Why he feels no ill will toward the program that shunned him. Instead, only gratitude to the University for allowing him to come back after his release and complete his degree.

“Oh, I have regrets about it. I wish it would have never happened,” he says. “I regret doing it. I hate it. But I did it and I have to live with it. I’m just thankful it’s all worked out for me.”

8 Comments

  1. Very well written. Thank you for sharing Rusty’s story. It would have been interesting to have heard from the victim of his crime.
    I hesitate to applaud given the crime that it took to find his calling, but I do so. He accepted responsibility, sought forgiveness, served his time, and found redemption in serving others.
    Sure would make for a good Lifetime movie.

    • A good movie if it dealt with having to fight for his life at TJ High. My kid went to high school with him. I wasn’t aware of TJ being that violent at the time Rusty was there…a year after he was graduated…maybe.

  2. Great story. Rusty was a football coach at Christian Life Academy when I was in high school and playing football. This article makes him appear larger than life and a changed man. While this may be true, Rusty has a temperature and when angry can be scary. I have personally experienced that temper in 1987 during football practice. His hypocrisy caused me to loose my faith then and it has taken 30 years to get it back.

    • Get a life- Rusty is human just as u are- if u some how blame ur immature spirituality on Rustys temper u need a heart ck- 30 yrs to get it back huh? I wonder if u were ever Christian in the first place- grow up and repent for being a coward and a baby- u we’re lucky to even know Rusty much less be coached by him- all U bunch of weak, spoiled CLA hypocrite teens- so easy to be offended and blame all ur Crap on someone else- ur pathetic- call him and tell him yourself instead of running ur mouth on a article post- u idiot

  3. Rusty is a Dear friend of mine from Port Arthur yet I haven’t spoken are heard from him in 40 yrs..glad I came across this Article I’m proud of the way life has turned out for him, he protected me as an underclassmen at TJ and for that I’m Thankful for his friendship during those times I will try somehow to contact him directly.

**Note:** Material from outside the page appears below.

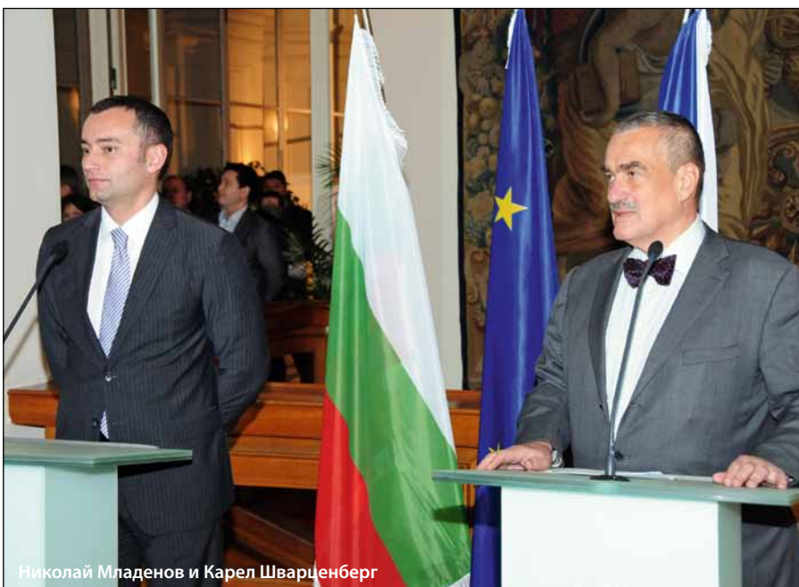
Николай Младенов и Карел Шварценберг

След изложбата „90 години от установяване на дипломатически отношения между България и Чехословакия“ в „Чернинския дворец“ Николай Младенов и Карел Шварценберг обсъдиха по време на работната вечеря възможностите пред държавите от ЕС за диверсификация на енергийните доставки. Двамата министри се договориха за по-голямо сътрудничество между България

  4. What a great story. I grew up and played football with Rusty,had meals at his house,new his Mom and Dad it was not a easy life. I remember when the stabbing took place and when he turned his life around. Rusty and his wife came to visit when I lived in Colo. and his transformation was mind blowing.Love and miss you Rusty hope you are well.

  5. He was a relatively young man and a young Christian then. Every coach I ever had had a temper. That doesn’t make him a hypocrite.